THE GLORY YEARS of Erickson’s lasted nearly two decades, until a fire broke out in 1913 and damaged the place severely; by the time it was repaired, Prohibition had kicked in. Even fairly early on, though, it was increasingly clear that Erickson was losing his battle with alcohol, and he started appearing with increasing regularity in the police blotter. In 1906 he sold half of the business to Fred Fritz; in 1915 he sold the rest, and moved to Oregon City to open the Clackamas Tavern.
And, of course, we’ve talked about how THAT ended.
In the end, Maria Erickson was awarded the tavern in the divorce. August Erickson drew a seven-month prison sentence, moved to Portland, and tried again, opening a malt shop with a secret blind pig — you paid for your drink at the soda counter, went around the corner, and waited by a hole in the wall for a hand to reach through with your booze.
It didn’t last long. After they heard about it, the government sent a Prohibition agent over to the malt shop. He simply bought a drink, went to wait by the hole, and snapped a handcuff around the hand that reached through.
Erickson was in prison serving time for this blind-pig operation when he died, in 1925.
The Portland saloon that bore his name straggled on into the century, shrinking progressively smaller and smaller. In the early 2010s, the building started being redeveloped as low-income housing.
ERICKSON’S STORY WAS, as pop historian Bruce Haney puts it, “a real riches-to-rags story,” and quite the cautionary tale for any reasonably successful aspiring alcoholic. He did not die unlamented; thousands of railroad workers, loggers, and other working stiffs remembered him and his giant saloon very fondly. Stewart Holbrook was one of them — in his days as a logger and later a writer for the Loyal Legion of Loggers and Lumbermen union, he was a regular there.
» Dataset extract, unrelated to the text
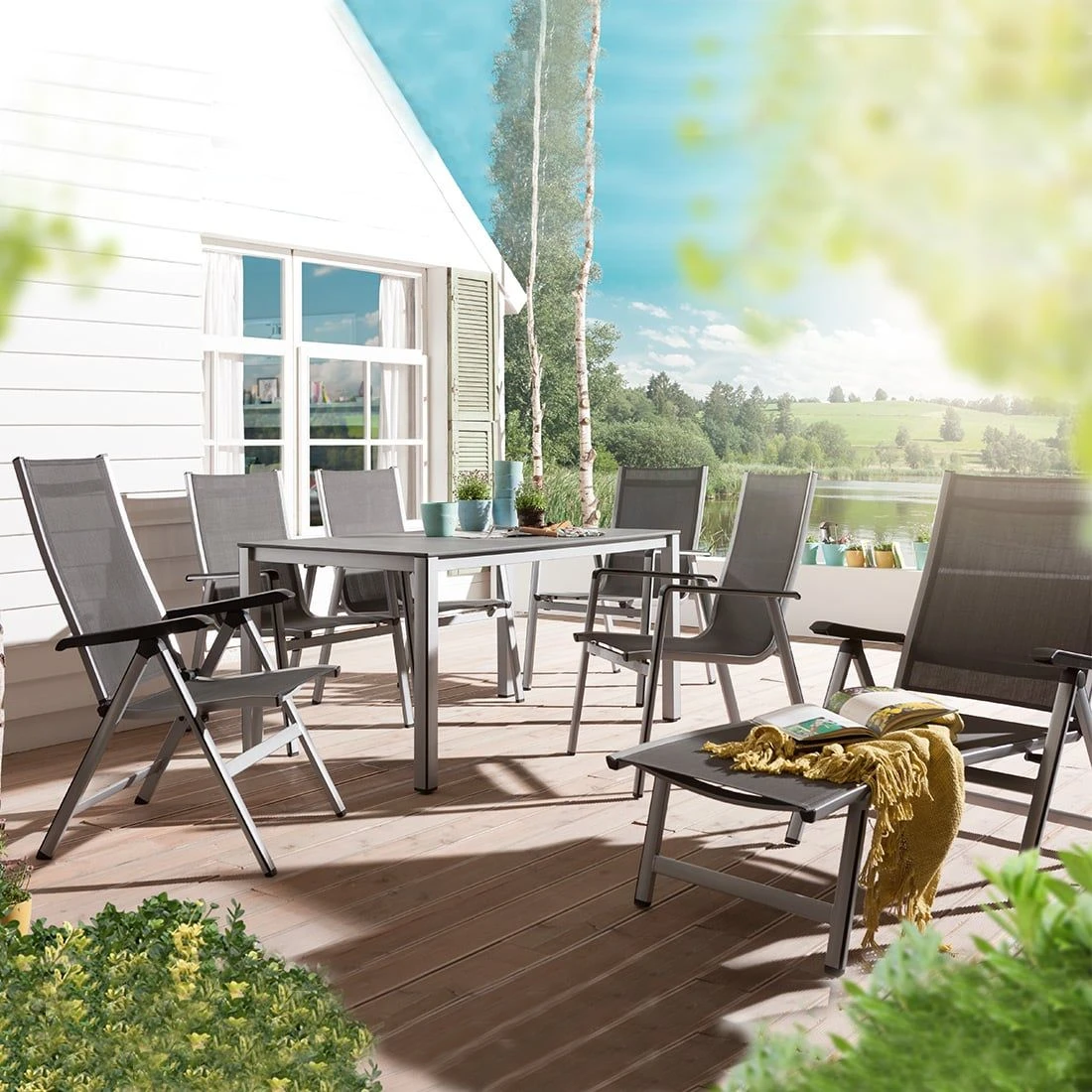 Das Gestell wird aus Aluminium gefertigt. Das Material macht die Gartenliege zu einem robusten Möbel auf Ihrer Terrasse. Farblich ist dieses in Silber gehalten. Die Sitzfläche und der Bezug sind aus Textilene gefertigt. Damit die Gartenliege optisch ansprechend ist, sind die Sitzfläche und der Bezug im Farbton Anthrazit gehalten.

But as far as Portland’s ruling elites were concerned, it was good riddance. “At best, the place Erickson kept was a brothel,” sniffed The Oregonian in an obituary published after his death. “And at its worst it was an inspiration to rage and crime.”
(Sources: Oregon Moonshine: Bootleggers, Busts and Brawls, a book by Bruce Haney published in 2023 by The History Press; “Erickson’s: Elbow Bending for Giants,” an article by Stewart Holbrook in Wildmen, Wobblies & Whistle Punks, a collection of Holbrook stories edited by Brian Booth, published in 1992 by OSU Press; “Erickson’s Saloon,” an article by Michael Schepps published in The Oregon Encyclopedia on Feb. 24, 2024; archives of Oregon City Courier and Oregon City Enterprise from June 1917.)